| SOURCE DATA |
========================================================================

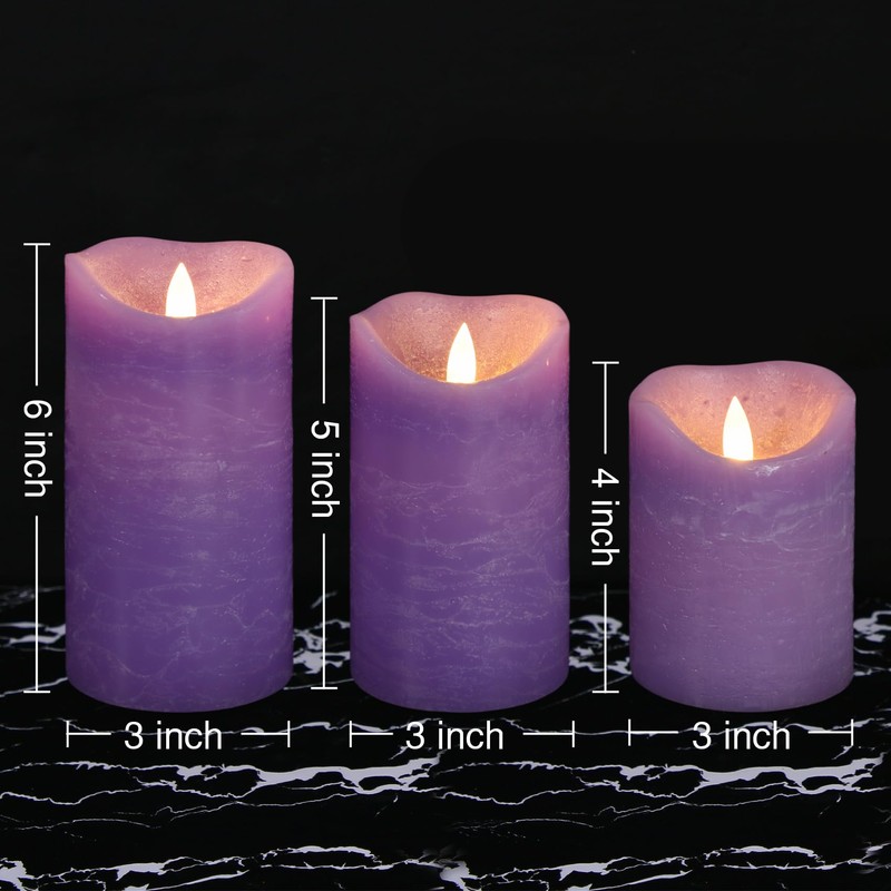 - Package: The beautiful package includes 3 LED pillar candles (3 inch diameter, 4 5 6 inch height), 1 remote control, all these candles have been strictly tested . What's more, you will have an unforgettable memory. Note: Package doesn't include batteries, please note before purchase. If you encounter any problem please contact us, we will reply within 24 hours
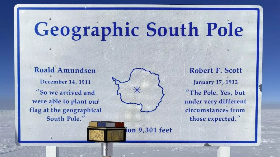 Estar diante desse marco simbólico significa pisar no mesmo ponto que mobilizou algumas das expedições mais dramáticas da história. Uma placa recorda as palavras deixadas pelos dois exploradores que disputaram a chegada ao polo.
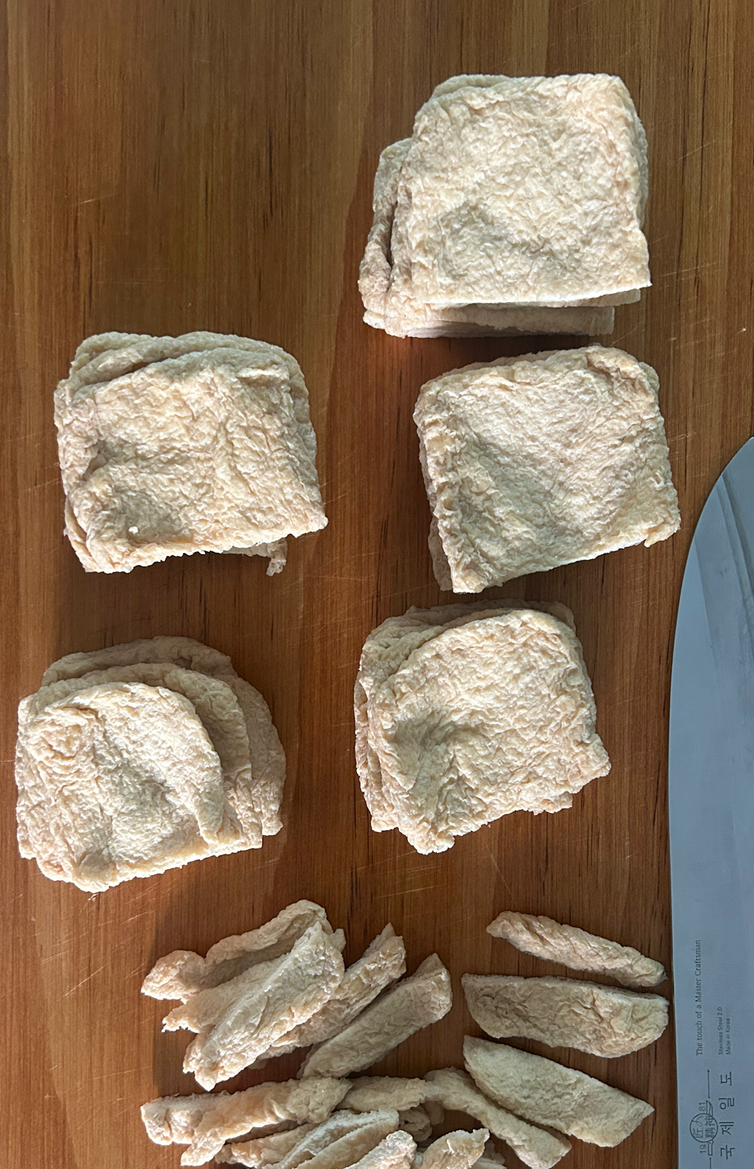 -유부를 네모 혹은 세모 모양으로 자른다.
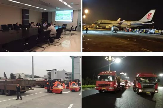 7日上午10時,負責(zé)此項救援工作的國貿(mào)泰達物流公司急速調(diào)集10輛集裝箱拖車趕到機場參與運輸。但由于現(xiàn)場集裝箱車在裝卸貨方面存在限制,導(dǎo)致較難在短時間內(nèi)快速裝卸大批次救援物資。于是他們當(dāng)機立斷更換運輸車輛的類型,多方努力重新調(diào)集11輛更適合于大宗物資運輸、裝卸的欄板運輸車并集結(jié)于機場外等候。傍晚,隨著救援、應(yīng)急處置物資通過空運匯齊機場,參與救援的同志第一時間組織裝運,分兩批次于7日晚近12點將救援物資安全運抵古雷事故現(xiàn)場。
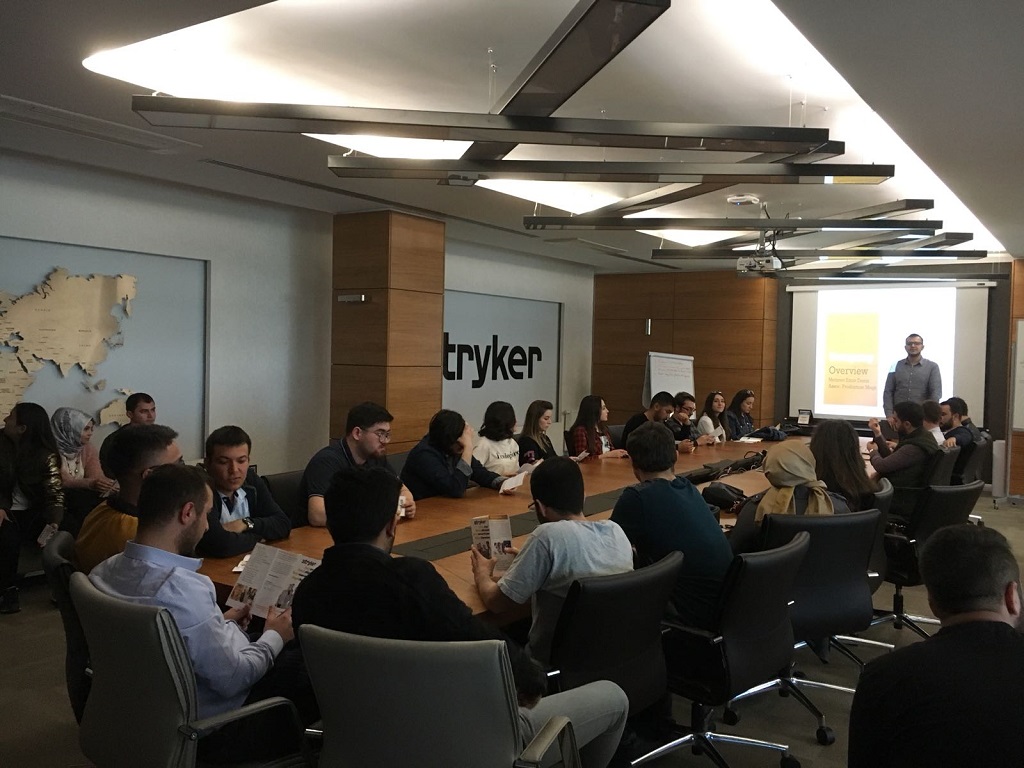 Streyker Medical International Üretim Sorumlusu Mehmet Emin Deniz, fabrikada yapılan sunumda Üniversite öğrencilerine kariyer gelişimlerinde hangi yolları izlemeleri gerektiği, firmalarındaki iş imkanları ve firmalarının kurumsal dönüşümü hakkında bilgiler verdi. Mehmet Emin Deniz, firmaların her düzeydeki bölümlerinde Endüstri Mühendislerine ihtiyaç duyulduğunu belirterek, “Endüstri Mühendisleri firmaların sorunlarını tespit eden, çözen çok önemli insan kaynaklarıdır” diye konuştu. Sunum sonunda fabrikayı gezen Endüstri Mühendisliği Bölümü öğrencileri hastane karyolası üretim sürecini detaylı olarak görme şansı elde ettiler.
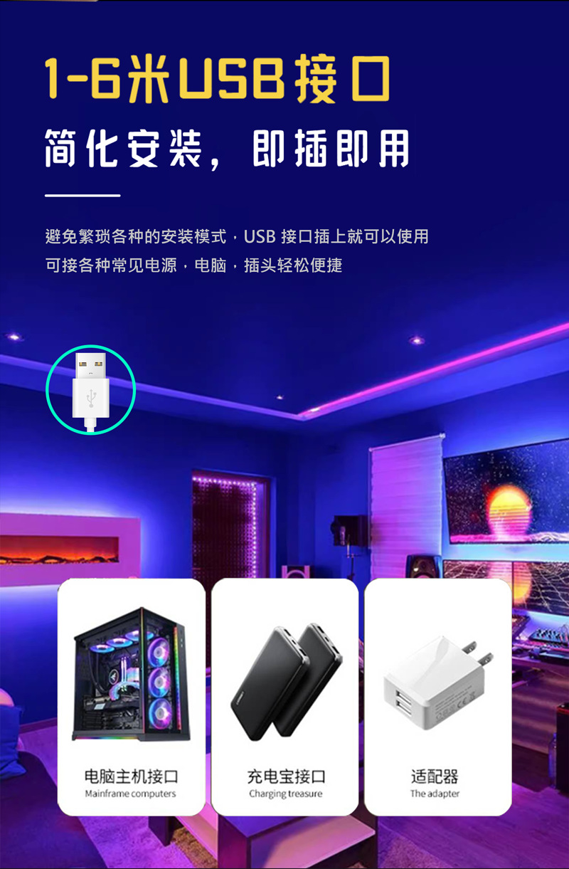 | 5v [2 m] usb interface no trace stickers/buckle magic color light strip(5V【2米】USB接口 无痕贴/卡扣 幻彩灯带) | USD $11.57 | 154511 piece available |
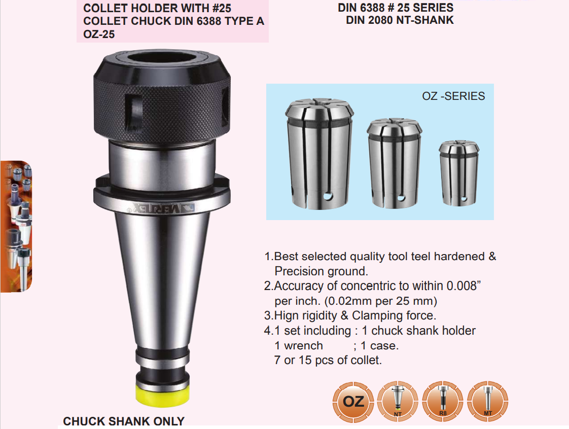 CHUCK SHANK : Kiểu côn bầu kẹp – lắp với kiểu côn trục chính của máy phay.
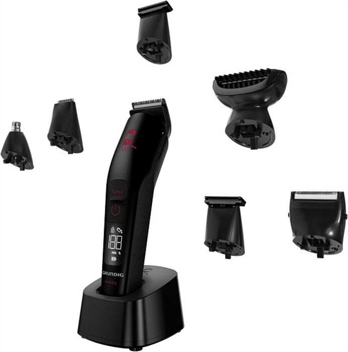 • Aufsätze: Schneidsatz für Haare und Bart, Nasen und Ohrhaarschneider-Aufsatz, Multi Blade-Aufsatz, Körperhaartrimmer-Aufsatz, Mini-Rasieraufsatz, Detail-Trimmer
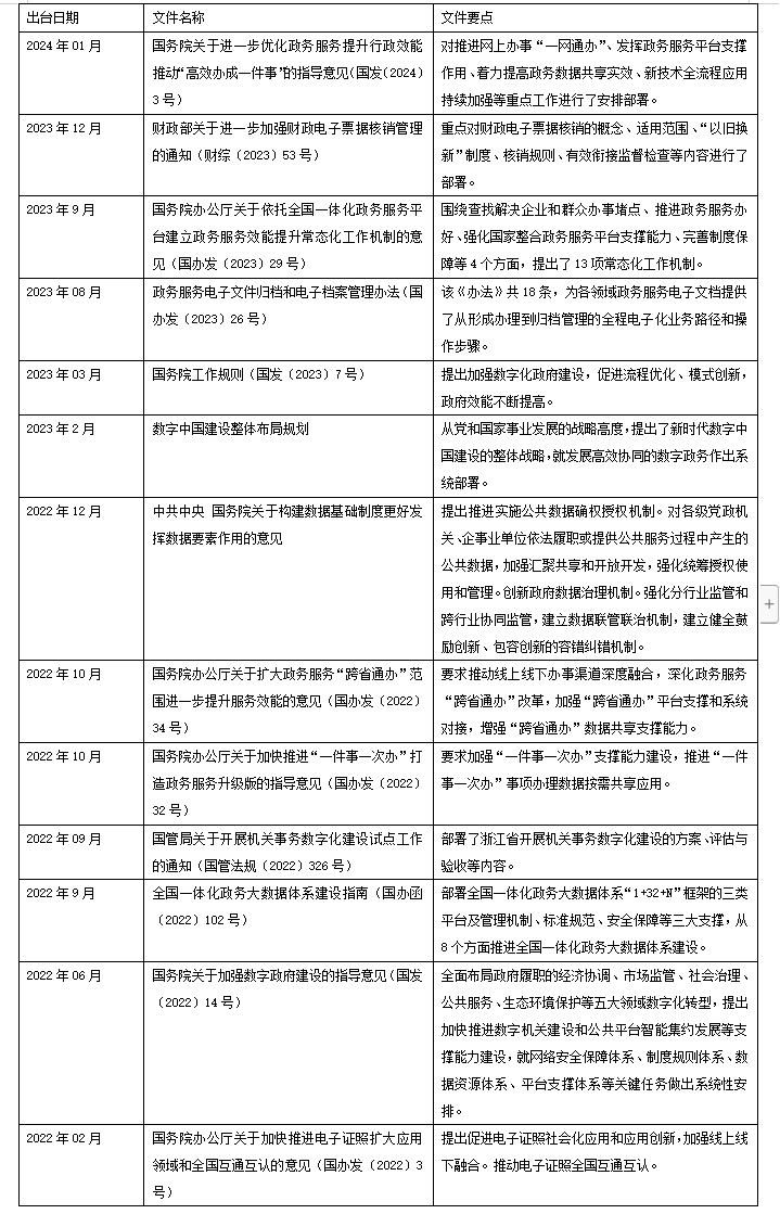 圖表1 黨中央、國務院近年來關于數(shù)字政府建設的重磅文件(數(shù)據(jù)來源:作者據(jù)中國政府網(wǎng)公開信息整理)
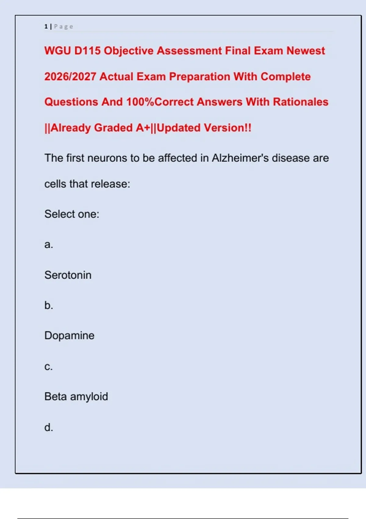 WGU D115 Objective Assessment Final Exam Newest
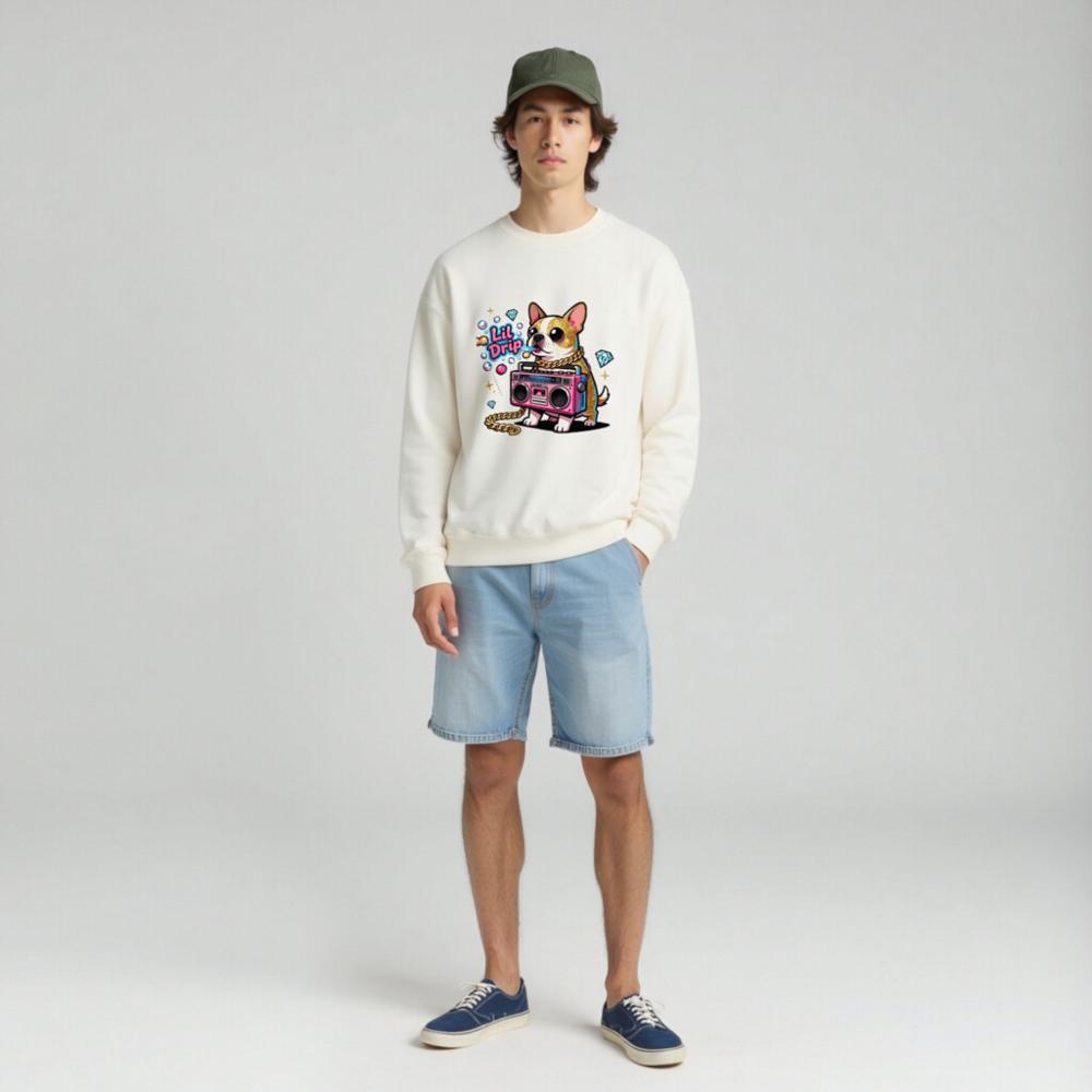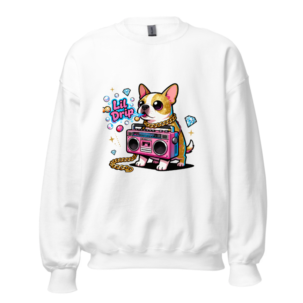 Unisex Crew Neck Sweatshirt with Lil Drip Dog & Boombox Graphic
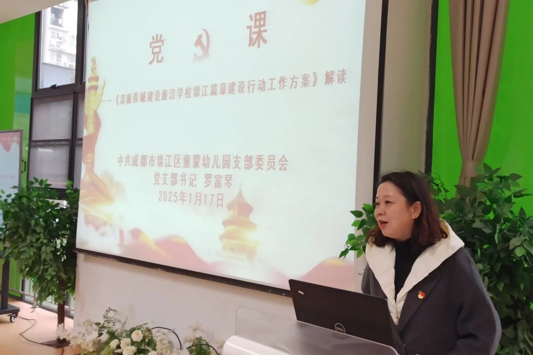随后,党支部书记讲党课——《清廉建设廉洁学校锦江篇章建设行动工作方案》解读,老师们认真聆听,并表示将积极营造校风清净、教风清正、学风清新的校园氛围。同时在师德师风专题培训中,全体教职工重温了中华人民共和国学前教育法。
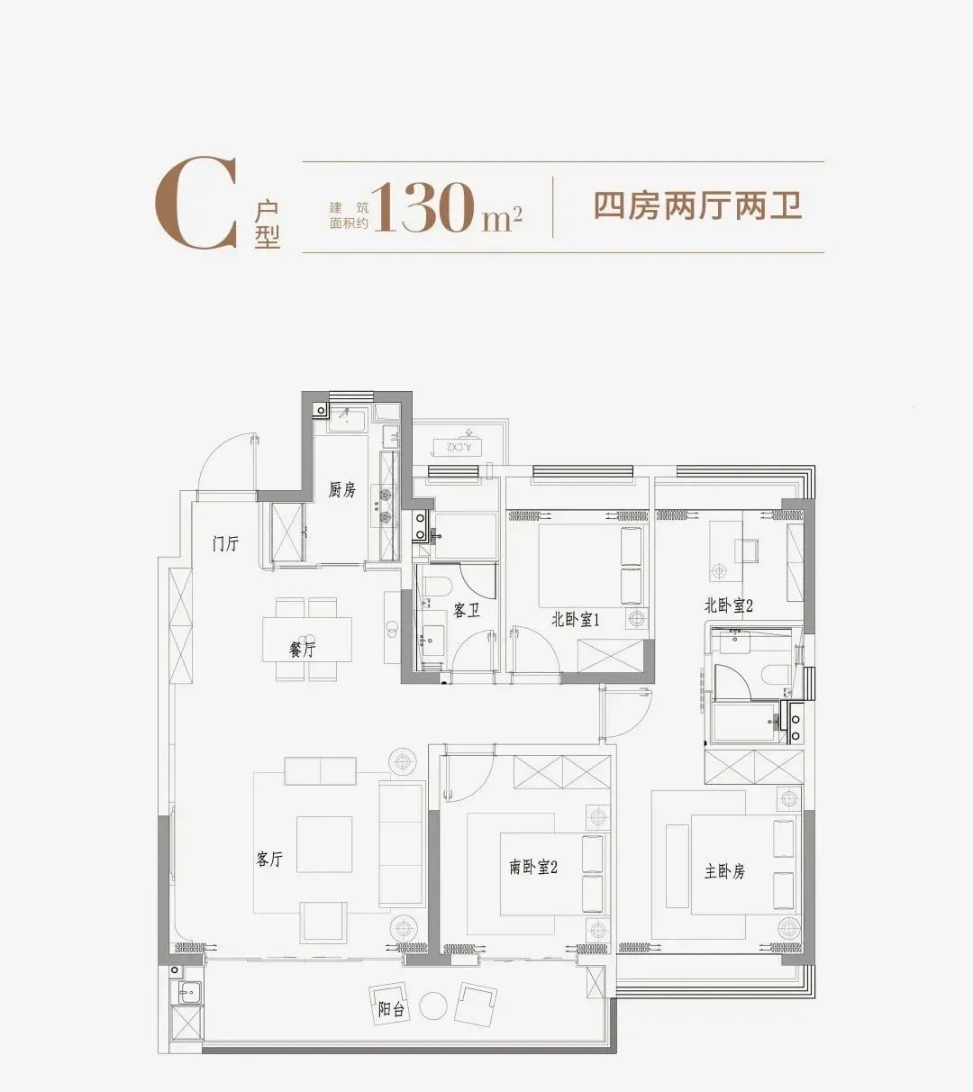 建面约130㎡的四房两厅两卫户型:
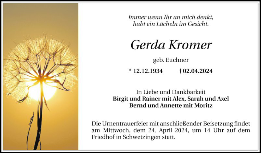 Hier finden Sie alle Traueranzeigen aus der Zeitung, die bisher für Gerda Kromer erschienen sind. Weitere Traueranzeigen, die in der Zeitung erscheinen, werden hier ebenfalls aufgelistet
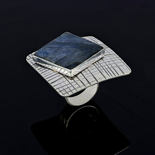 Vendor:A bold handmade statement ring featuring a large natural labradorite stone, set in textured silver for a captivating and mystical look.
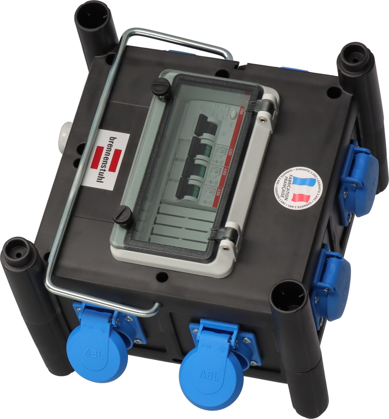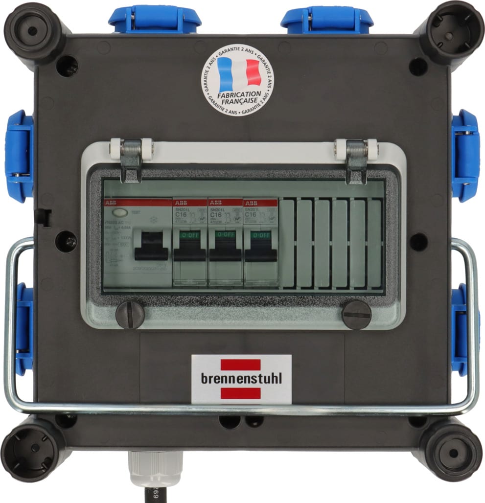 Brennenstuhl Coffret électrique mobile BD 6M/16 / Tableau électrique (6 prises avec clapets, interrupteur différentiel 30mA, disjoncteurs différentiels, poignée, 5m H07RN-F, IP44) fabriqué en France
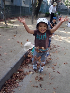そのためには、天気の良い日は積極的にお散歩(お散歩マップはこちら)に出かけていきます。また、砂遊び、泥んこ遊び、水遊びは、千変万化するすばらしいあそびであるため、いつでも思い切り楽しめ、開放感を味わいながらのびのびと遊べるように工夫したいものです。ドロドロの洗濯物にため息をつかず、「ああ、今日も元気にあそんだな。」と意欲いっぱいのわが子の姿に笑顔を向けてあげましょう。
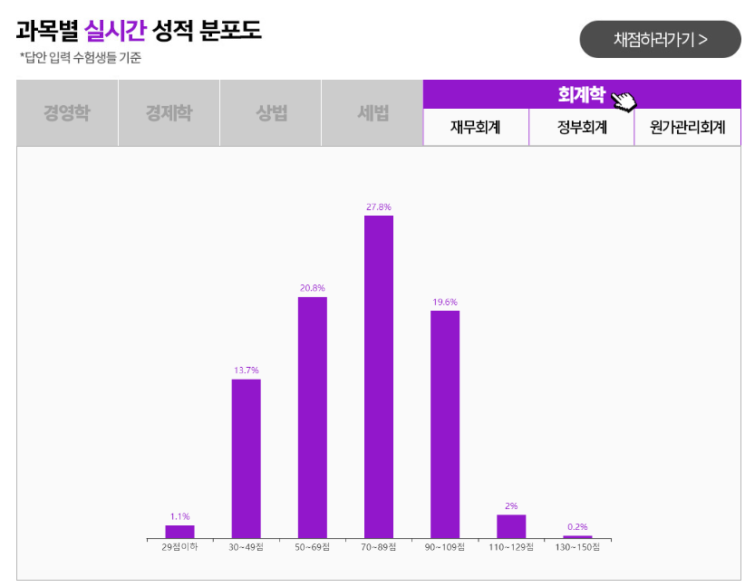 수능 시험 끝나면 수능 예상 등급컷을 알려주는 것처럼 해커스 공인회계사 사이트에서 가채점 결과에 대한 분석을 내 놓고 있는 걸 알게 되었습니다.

========================================================================

| REQUIREMENT |
Please transcribe exactly the lines from the one containing "Vendor:A bold handmade" through the last line of the records above, both included, and leave out every picture.

| REPLY TO THE EXERCISE |
 Vendor:A bold handmade statement ring featuring a large natural labradorite stone, set in textured silver for a captivating and mystical look.
 Brennenstuhl Coffret électrique mobile BD 6M/16 / Tableau électrique (6 prises avec clapets, interrupteur différentiel 30mA, disjoncteurs différentiels, poignée, 5m H07RN-F, IP44) fabriqué en France
そのためには、天気の良い日は積極的にお散歩(お散歩マップはこちら)に出かけていきます。また、砂遊び、泥んこ遊び、水遊びは、千変万化するすばらしいあそびであるため、いつでも思い切り楽しめ、開放感を味わいながらのびのびと遊べるように工夫したいものです。ドロドロの洗濯物にため息をつかず、「ああ、今日も元気にあそんだな。」と意欲いっぱいのわが子の姿に笑顔を向けてあげましょう。
 수능 시험 끝나면 수능 예상 등급컷을 알려주는 것처럼 해커스 공인회계사 사이트에서 가채점 결과에 대한 분석을 내 놓고 있는 걸 알게 되었습니다.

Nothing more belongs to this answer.